2. **Compute Covariance Matrix**: This captures how the features vary together.
3. **Compute Eigenvectors and Eigenvalues**: Eigenvectors represent the directions of greatest variance, and eigenvalues tell you how much variance each eigenvector explains.
4. **Select Principal Components**: Choose the top *k* eigenvectors based on their corresponding eigenvalues to form the new feature subspace.
5. **Projection**: Project the original data onto the new feature subspace formed by the selected eigenvectors. Or project the original data points onto the new principal component axes.

### Practical Example

- The table below displays scores on math, English, and art tests for 5 students

![pcc1.png](attachment:pcc1.png)

**Step1- Compute Covariance Matrix:**

- formula:

$$
cov(X,Y) =\frac{1}{n} \sum_{i=1}^{n} (x_i-\bar{x})(y_i-\bar{y})
$$

- cov(X,Y): covariance between X and Y
- X, Y: features X and Y
- **x̄, ȳ:** mean of feature X and Y

- Below is our matrix A which represent our above data in matrix format

![pca2.png](attachment:pca2.png)

- When we compute covariance matrix for the above matrix A, we got:

![pca3.png](attachment:pca3.png)

Few points that can be noted here is :

- Shown in *Blue* along the diagonal, we see the variance of scores for each test
- The art test has the biggest variance (720)
- The English test, the smallest (360)
- So we can say that art test scores have more variability than English test scores
- The covariance is displayed in black in the off-diagonal elements of the matrix **A**
- The covariance between math and English is positive (360)
- The covariance between math and art is positive (180)
- The covariance between English and art, however, is zero. This means there tends to be no predictable relationship between the movement of English and art scores

**Step2-** **Compute Eigenvectors and Eigenvalues**:

- *Let **A** be a square matrix, **ν** a vector and **λ** a scalar that satisfies **A**ν **= λ**ν, then **λ** is called eigenvalue associated with eigenvector **ν** of **A**.*

$$
Av = \lambda v\\ det(A-\lambda I)=0 \\ after \;computing \; we\;got:\;\\ {-\lambda ^3} + 1584{\lambda ^2}-641520{\lambda}+25660800 = 0\\ where \;Eignvalues:\\ {\lambda_1} \approx 44.81966\\ {\lambda_2} \approx 629.11039\\ {\lambda_3} \approx 910.06995\\ and \;Eigenvectors:\\ v_1 \approx \begin {pmatrix} -3.75100 \\ 4.28441 \\ 1\end{pmatrix} \\v_2 \approx \begin {pmatrix} -0.50494\\-0.67548\\1\end{pmatrix} \\ v_3 \approx\begin {pmatrix} 1.05594\\0.69108\\1\end{pmatrix} 
$$

**Step3:**  **S**orting the eigenvectors based on their corresponding eigenvalues in descending order, and choose the top *k* eigenvectors based on their corresponding eigenvalues to form the new feature subspace.
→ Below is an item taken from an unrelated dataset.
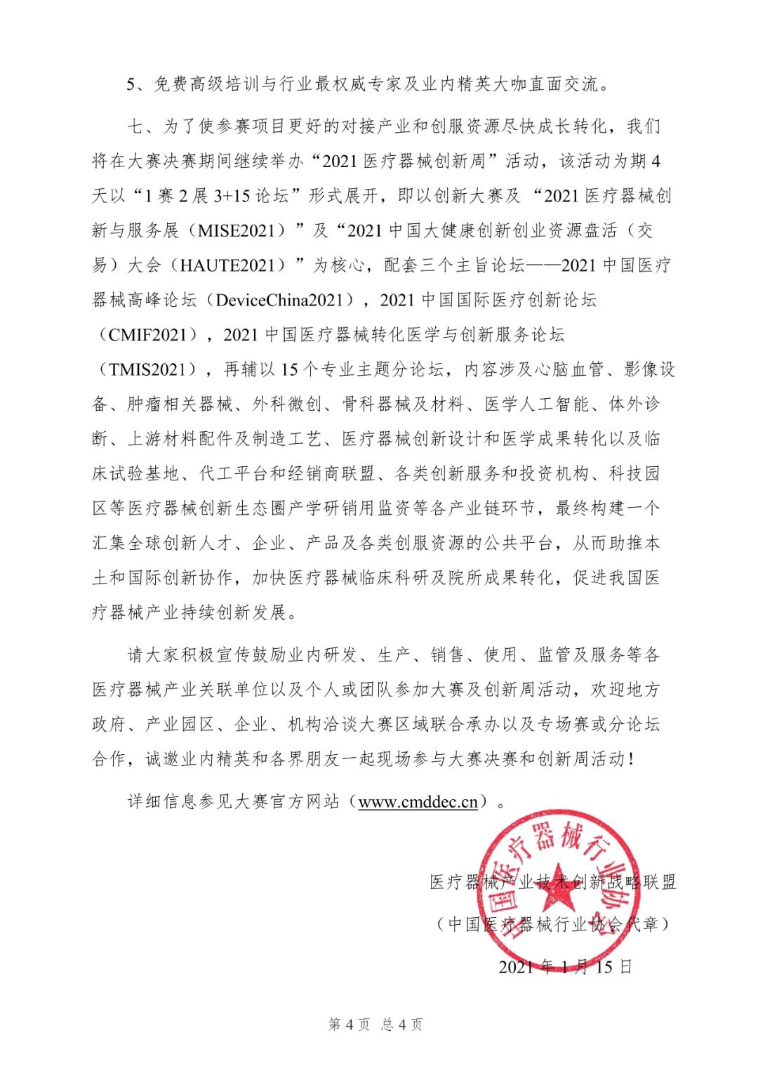 为了使参赛项目更好的对接产业和创服资源尽快成长转化,我们将在大赛决赛期间继续举办“2021医疗器械创新周”活动,该活动为期4天以“1赛2展3+15论坛”形式展开,即以创新大赛及 “2021医疗器械创新与服务展(MISE2021)”及 “2021中国大健康创新创业资源盘活(交易)大会(HAUTE2021)”为核心,配套三个主旨论坛——2021中国医疗器械高峰论坛(DeviceChina2021),2021中国国际医疗创新论坛(CMIF2021),2021中国医疗器械转化医学与创新服务论坛(TMIS2021),再辅以15个专业主题分论坛,内容涉及心脑血管、影像设备、肿瘤相关器械、外科微创、骨科器械及材料、医学人工智能、体外诊断、上游材料配件及制造工艺、医疗器械创新设计和医学成果转化以及临床试验基地、代工平台和经销商联盟、各类创新服务和投资机构、科技园区等医疗器械创新生态圈产学研销用监资等各产业链环节,最终构建一个汇集全球创新人才、企业、产品及各类创服资源的公共平台,从而助推本土和国际创新协作,加快医疗器械临床科研及院所成果转化,促进我国医疗器械产业持续创新发展。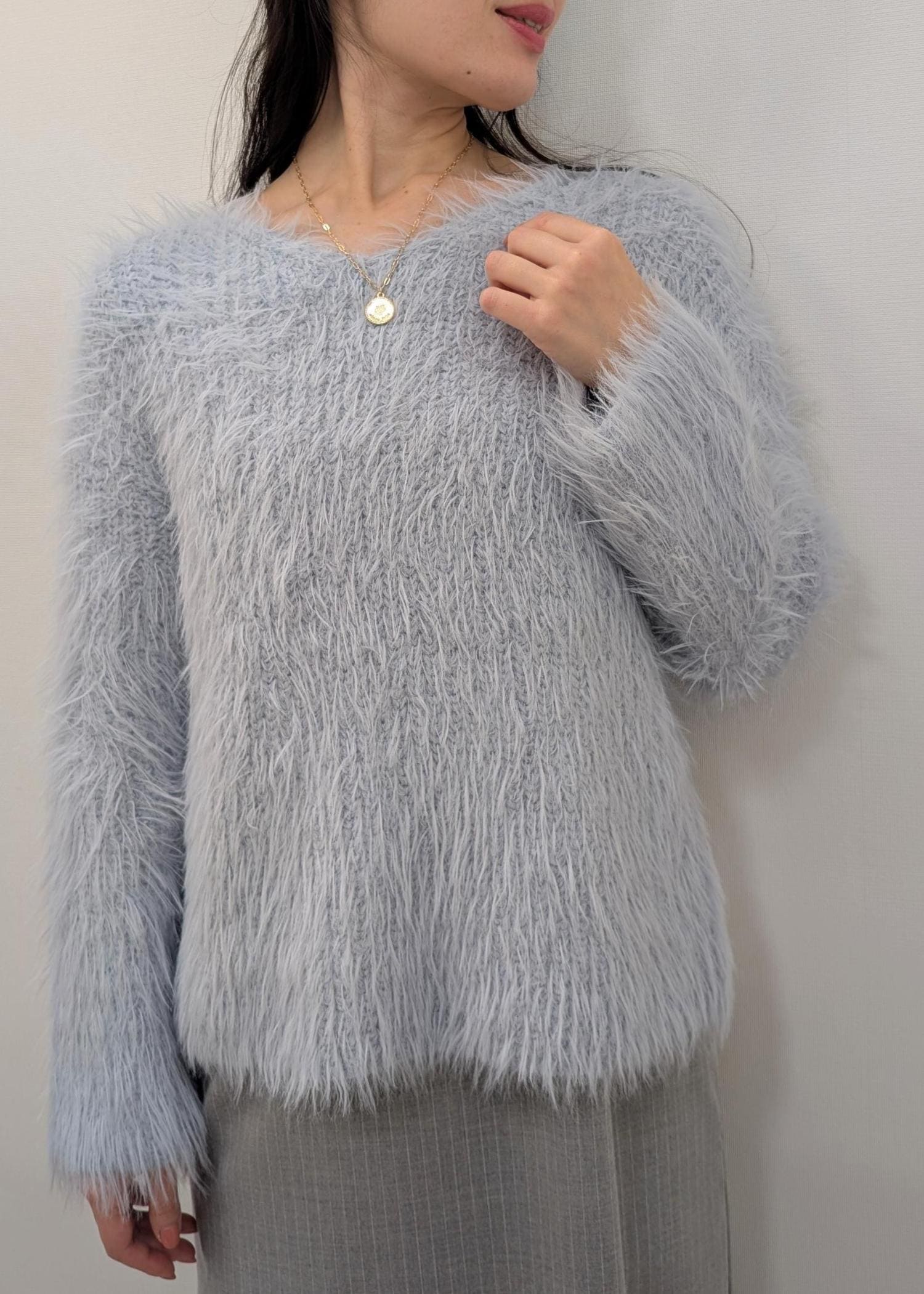 ROPÉ PICNICフェザーVネックニットサックス / F¥4,994レビューアームホール、身幅ともにゆったりめです。

`Note`: The lowest eigenvalues bear the least information about the distribution of the data, and those are the ones we want to drop.

- Sorting eigenvalues in decreasing order

$$
\begin {pmatrix} 910.06995\\629.11039\\44.81966\end{pmatrix} 
$$

- For this example, our goal is to reduce 3-dimensional feature space to a 2-dimensional feature space
- So eigenvectors corresponding to two maximum eigenvalues are:

$$
w = \begin {bmatrix} 1.05594 & -0.50494\\0.69108 & -0.67548\\1 & 1\end{bmatrix}
$$

**Step4- Projection or Transform the samples onto the new subspace:** In the last step, we use the 3x2 dimensional matrix ***W*** that we just computed to transform our samples onto the new subspace via the equation ***y = W′ × x*** where ***W′*** is the *transpose* of the matrix ***W.***

**Pros:**

- **Reduced complexity:** Makes data easier to visualize, manage, and interpret by reducing the number of features.
- **Improved algorithm performance:** Many machine learning algorithms struggle with high-dimensional data. PCA reduces training time and improves the accuracy of some algorithms by reducing irrelevant features.
- **Reduced redundancy:** Eliminates redundant features, focusing on the unique information each piece of data provides. This can be especially helpful when dealing with datasets with a lot of correlated features.
- **Fast and efficient:** PCA is a well-established technique with efficient implementations in many programming languages.

**Cons:**

- **Information loss:** PCA discards information in the process of dimensionality reduction. There's a trade-off between the number of features retained and the amount of information preserved.
- **Assumes linearity:** PCA works best when the relationships between features are linear. It may not be effective if the data has complex non-linear relationships.
- **Interpretability of new features:** The principal components (PCs) created by PCA can be difficult to interpret in the context of the original features.

In [2]:
from sklearn.decomposition import PCA
import numpy as np


X = np.array([[-1, -1], [-2, -1], [-3, -2], [1, 1], [2, 1], [3, 2]])

pca = PCA(n_components=2)
pca.fit(X)

print(pca.explained_variance_ratio_)
print(pca.singular_values_)

[0.99244289 0.00755711]
[6.30061232 0.54980396]